The measure was in reaction to a law that was adopted previously this year by Gov. Gavin Newsom (D), which required presidential candidates to publish their tax returns as the prerequisite to appearing on the ballot.
Newsom’s bill was seen as a direct attack against Trump. The president and the Republican National Committee (RNC) have already sued the state of California.
Shawn Steel, member of the Republican National Committee, said he was confident the law would be annulled in court. He said Sunday’s rule change was, if necessary, a stop-gap measure.
“It’s just planning ahead,” he said.
The one-time change, worked out with the Trump campaign, provides a way of sending state delegates to the national convention, even if Trump is blocked from the state ballot.
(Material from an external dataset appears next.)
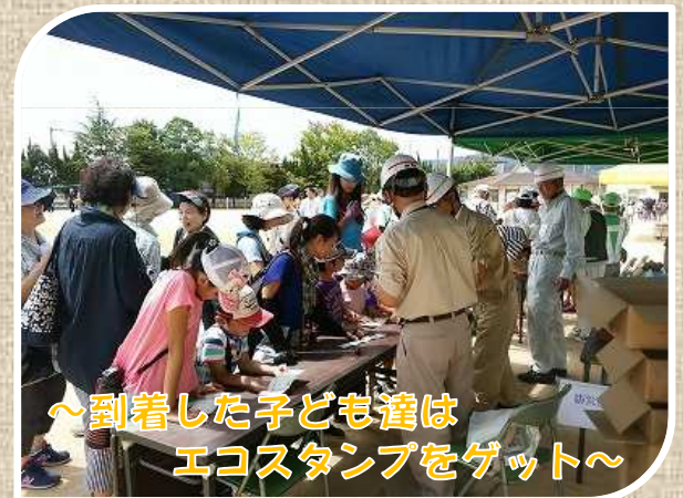
～到着した子ども達は エコスタンプをゲット～

The rule change would allow the party to hold a special convention after the March 2020 primary in California and to determine the candidate, in this case Trump, and to organize delegates to send to the convention.
If the law of tax return disclosure is not defeated, Trump could simply not participate on the California Republican primary ballot given that the RNC does not require candidates to appear on ballots in all 50 states.
“This measure prevents the Democrats from keeping the California Republican Party from sending a full slate of delegates to the national convention,” former California GOP chairman Ron Nehring told The Hill.
“The Constitution is pretty clear concerning the qualifications for being president, and the courts are likely to see the Democrats attempt to add their own layer of qualifications, so I don’t expect their law to hold up for long. Nonetheless, the party appears to have found a solid way around it.”